### [Exercise]
All that is wanted is the line with "Vi synger både" and each line after it to the end of the data below, set down exactly and without pictures.

*** Entries shown

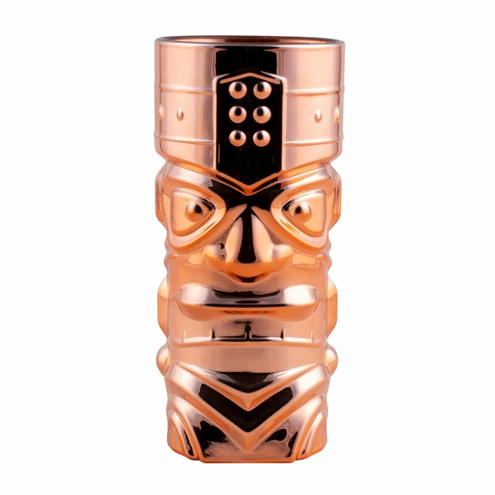 This 15oz cocktail glass is made with a thick, high-quality glass material making it perfect for tropical mixed drinks with a professional yet playful presentation. The heavy glass is true quality that sets it apart from most tropical glassware, and the 15oz size is perfect for holding fruity, island style drinks. The intricate design of a tiki face offers smooth lines and promotes a very professional, elegant piece of glassware. Each glass is metal plated to give your glass a truly unique look. Comes in 3 various colors. Gold, Silver and Copper.
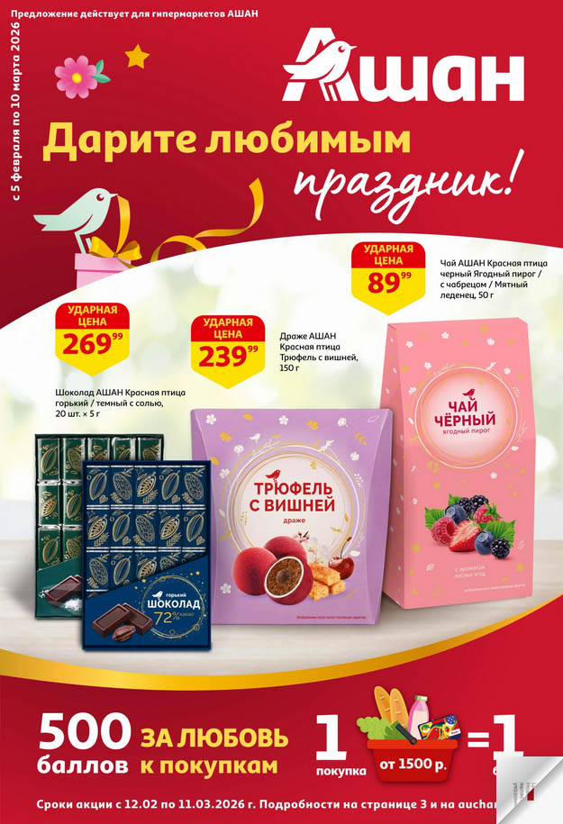 Ашан акции с 5 февраля — 10 марта 2026. Каталог Дарите любимым праздник
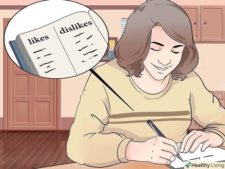 Складайте списки.Списки речей, які важливі для Вас, допоможуть вам краще зрозуміти себе. Ось кілька прикладів таких списків:- " Що мені подобається і не подобається?"Складіть аркуш паперу навпіл, у верхній половині напишіть те, що вам подобається, а в нижній — те, що вам не подобається. Це може зайняти багато часу і місця, тому постарайтеся обмежитися однією категорією На список: Фільми, книги, Їжа, Ігри, люди.
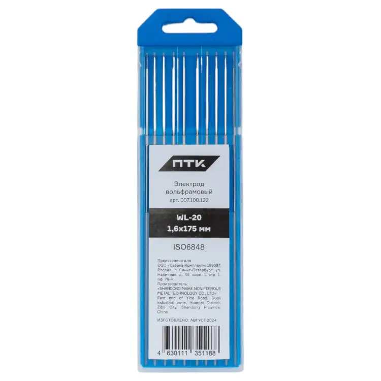 Вольфрамовый электрод под маркой WL-20 применяется при аргонодуговой сварке TIG на переменном (AC) и постоянном (DC) токе. Электрод используется для сварки алюминия, нержавеющей и углеродистой стали. Для повышения стойкости и улучшения качественных свойств электрод легирован оксидом лантана (La₂O₃). За счет увеличенного содержания этого элемента в составе (до 2,2%) электроды можно использовать для сварки на максимальных токах. Вольфрам марки WL-20 отличается легким поджигом дуги и обеспечивает сохранность заточки за счет равномерного распределения элемента по всей длине электрода. Лантановые электроды меньше загрязняют вольфрамом шов, что особенно важно при финишных сварных швах. Диаметр электрода 1,6 мм, длина электрода 175 мм. Вольфрам имеет синий цветовой код. Поставляется в пластиковом пенале по 10 штук.
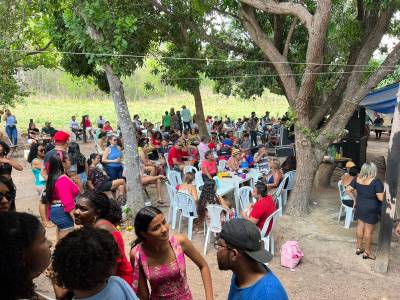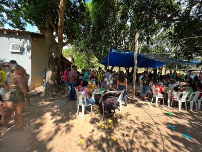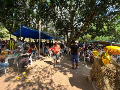 As crianças desfrutaram de uma variedade de brinquedos, garantindo sua diversão, enquanto os adultos dançaram ao som de um renomado grupo musical da Baixada Cuiabana.
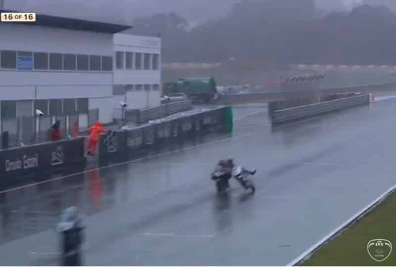 En tête, la bataille est tellement virile que Fenton Harrison Seabright (Wilsons) chute en passant la ligne d’arrivée, et la victoire revient à Ivan Ortola (Sama Global Angel Nieto Team).
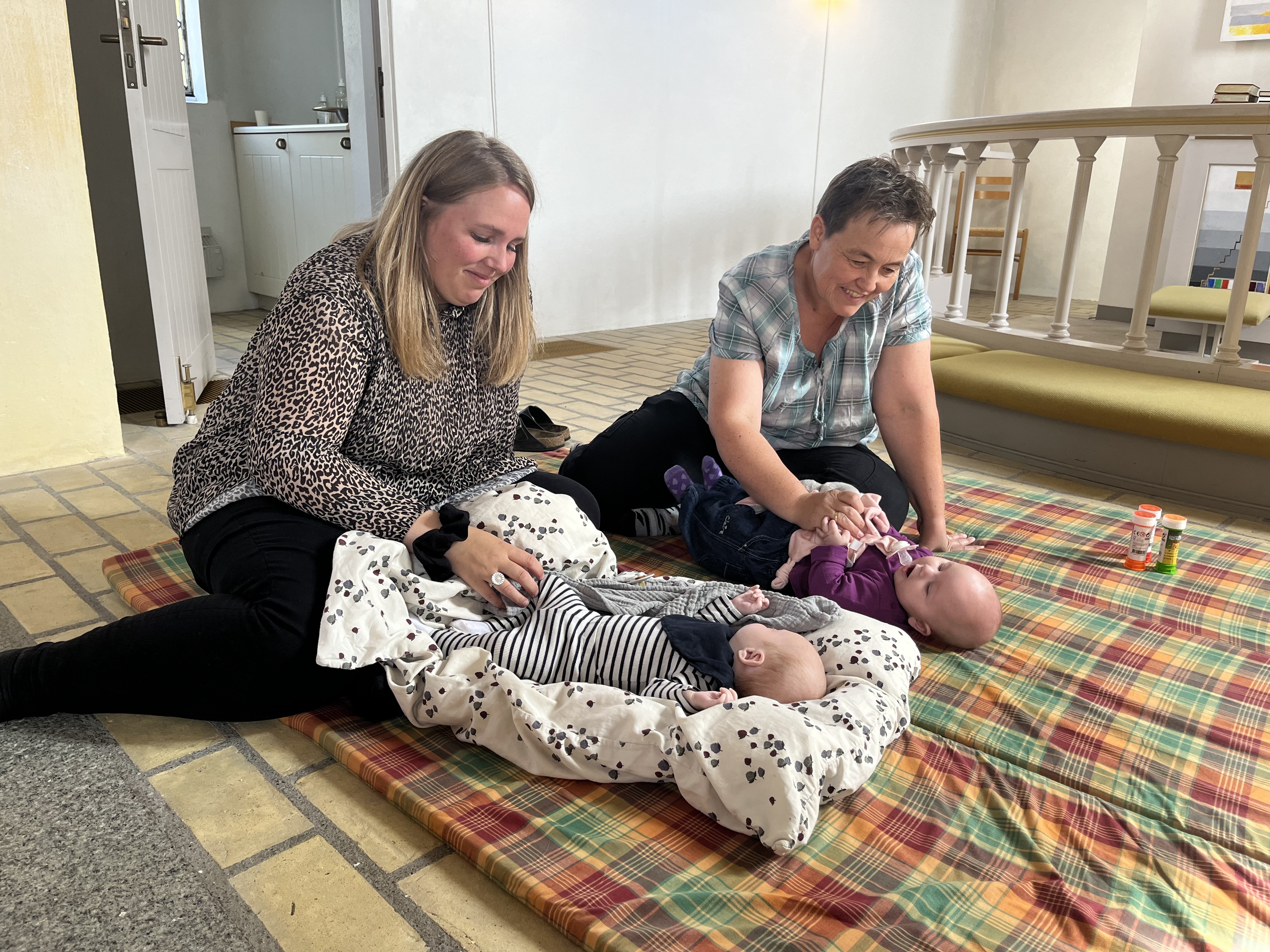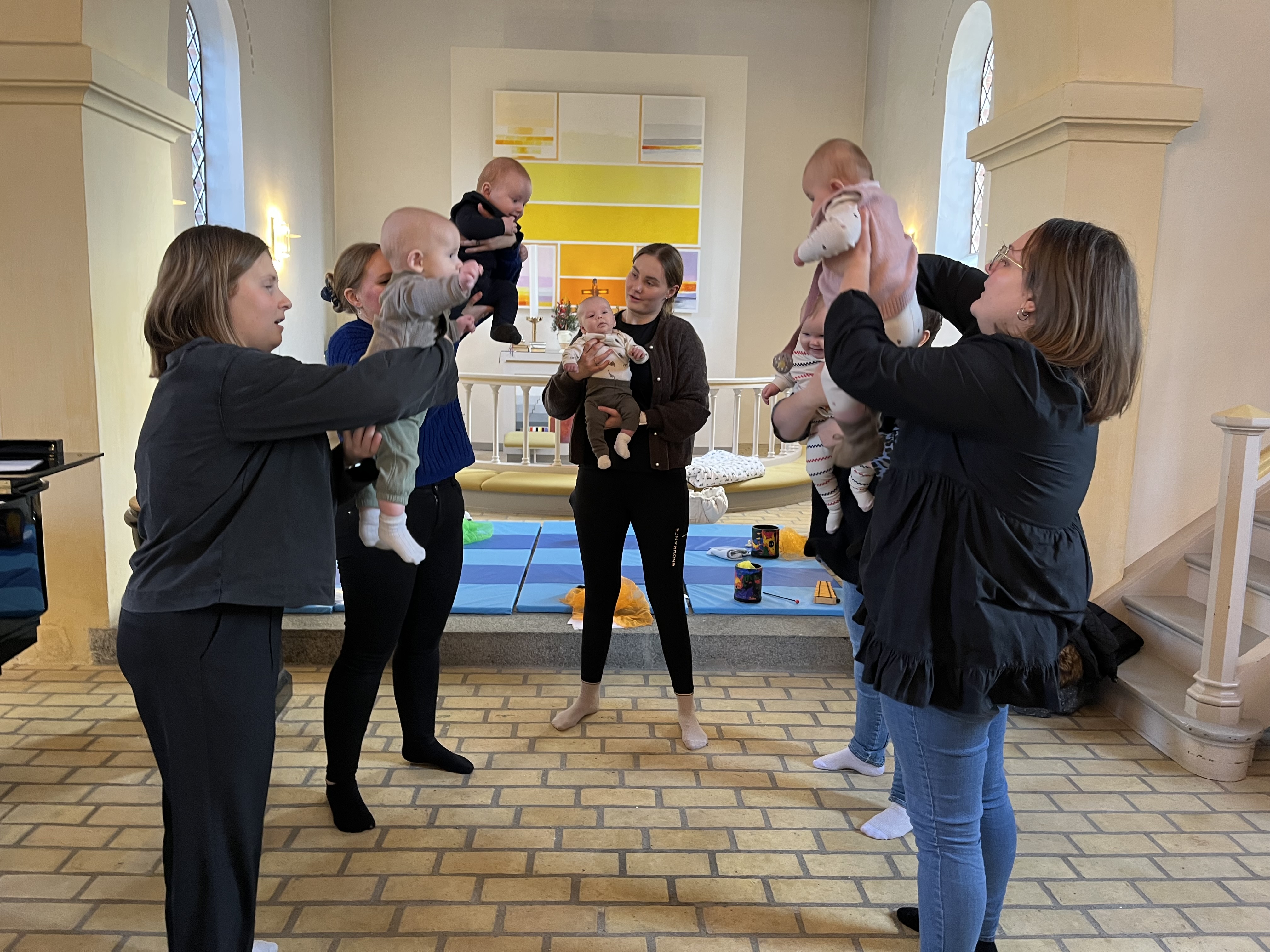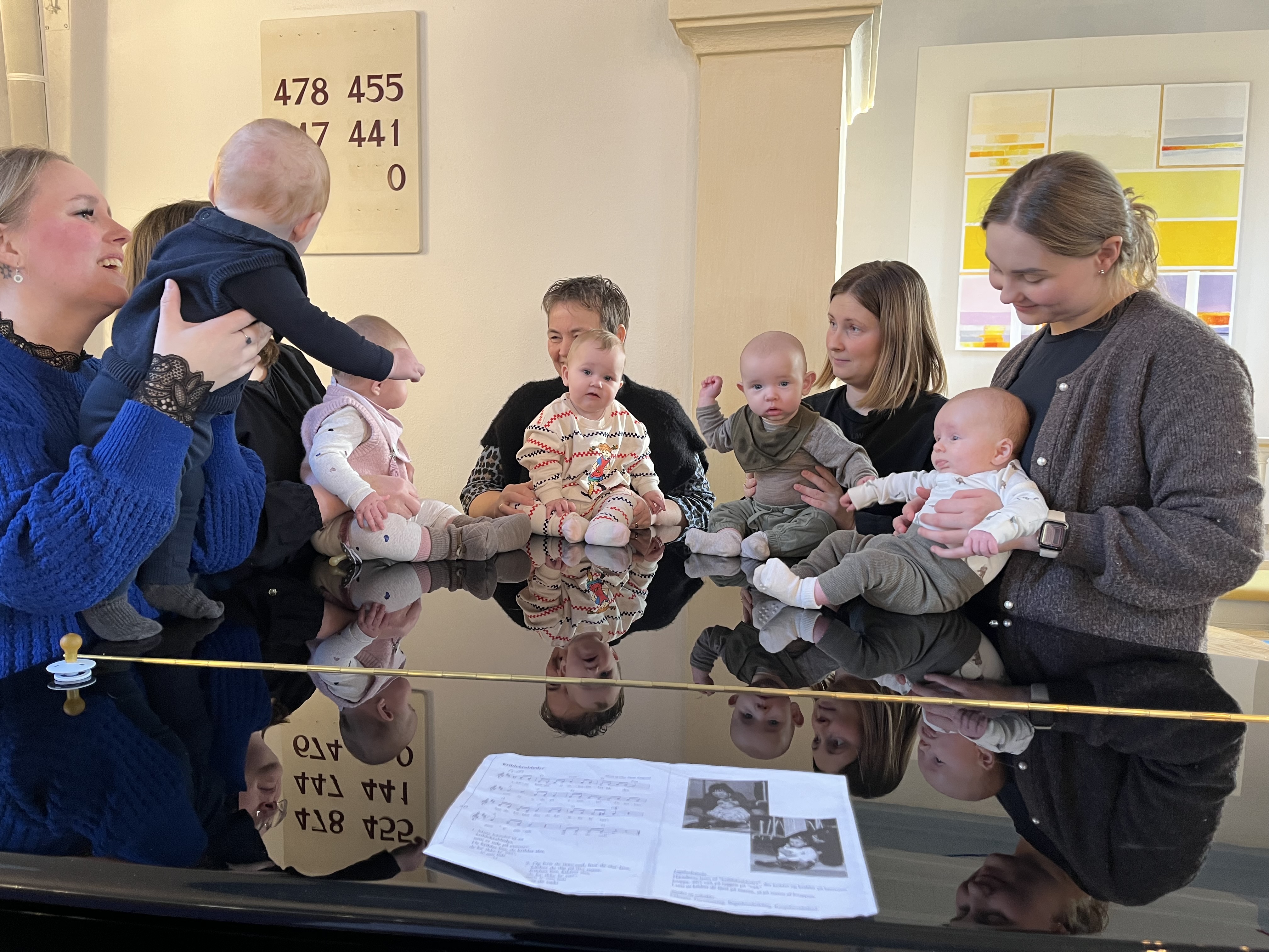 Vi synger både salmer og børnesange, laver små bevægelser og bruger enkle instrumenter, tørklæder og andre sanseindtryk. Alt sammen styrker det båndet mellem barn og voksen og giver en tryg og meningsfuld stund sammen.
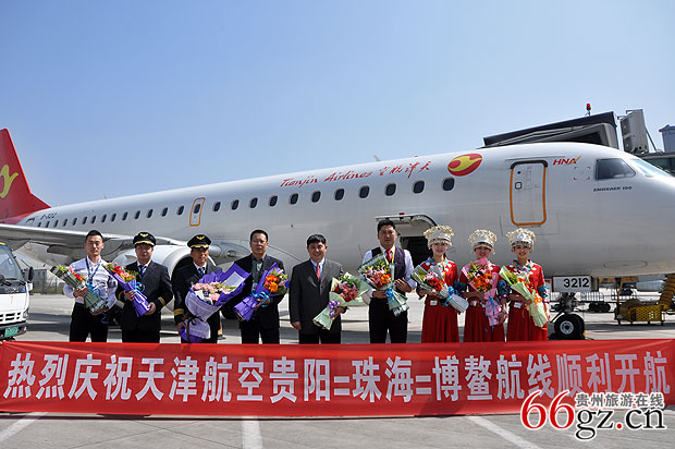 贵州旅游在线讯 3月18日上午11:55,天津航空贵阳=珠海=博鳌航线GS6501航班起飞,15:10分该航班平稳降落博鳌机场,这标志着天航首条通航博鳌的航线顺利开航,这将对贵州及琼海区域的经济发展起到推动作用。
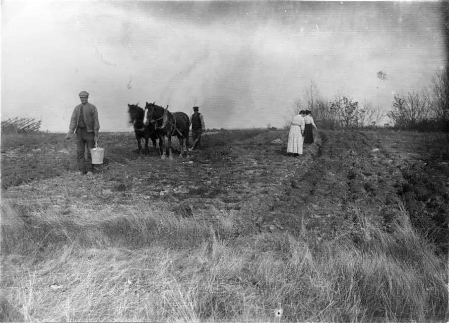 Bild 876. Majken, Maja u Halsrä-Hans, sättar pärår pa backän, Halsrä Vilhelm plögar
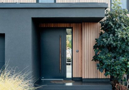 Per quanto riguarda la porta d'ingresso, gli investitori hanno optato per un design classico e semplice di porta esterna in alluminio che si adatta perfettamente alla casa e allo stesso tempo riflette il carattere degli abitatnti che apprezzano il minimalismo e la natura.
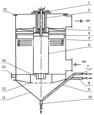 Очищающая жидкость заливается в необходимом количестве в бункер 11, с помощью насосного устройства 14 непрерывно подается в транспортирующий цилиндр 6, в верхней части которого расположены в необходимом количестве распыливающие отверстия. При диспергировании жидкости транспортирующим цилиндром 6 образуется слой струй и капель, достигнув стенок корпуса 5, капли ударяются об нее, в результате появляются вторичные капли, а на стенке корпуса 5 образуется пленка турбулизированной жидкости. Пленка жидкости стекает по корпусу 5 в бункер 11.

******

### [Answer for the task]
 Vi synger både salmer og børnesange, laver små bevægelser og bruger enkle instrumenter, tørklæder og andre sanseindtryk. Alt sammen styrker det båndet mellem barn og voksen og giver en tryg og meningsfuld stund sammen.
 贵州旅游在线讯 3月18日上午11:55,天津航空贵阳=珠海=博鳌航线GS6501航班起飞,15:10分该航班平稳降落博鳌机场,这标志着天航首条通航博鳌的航线顺利开航,这将对贵州及琼海区域的经济发展起到推动作用。
 Bild 876. Majken, Maja u Halsrä-Hans, sättar pärår pa backän, Halsrä Vilhelm plögar
 Per quanto riguarda la porta d'ingresso, gli investitori hanno optato per un design classico e semplice di porta esterna in alluminio che si adatta perfettamente alla casa e allo stesso tempo riflette il carattere degli abitatnti che apprezzano il minimalismo e la natura.
 Очищающая жидкость заливается в необходимом количестве в бункер 11, с помощью насосного устройства 14 непрерывно подается в транспортирующий цилиндр 6, в верхней части которого расположены в необходимом количестве распыливающие отверстия. При диспергировании жидкости транспортирующим цилиндром 6 образуется слой струй и капель, достигнув стенок корпуса 5, капли ударяются об нее, в результате появляются вторичные капли, а на стенке корпуса 5 образуется пленка турбулизированной жидкости. Пленка жидкости стекает по корпусу 5 в бункер 11.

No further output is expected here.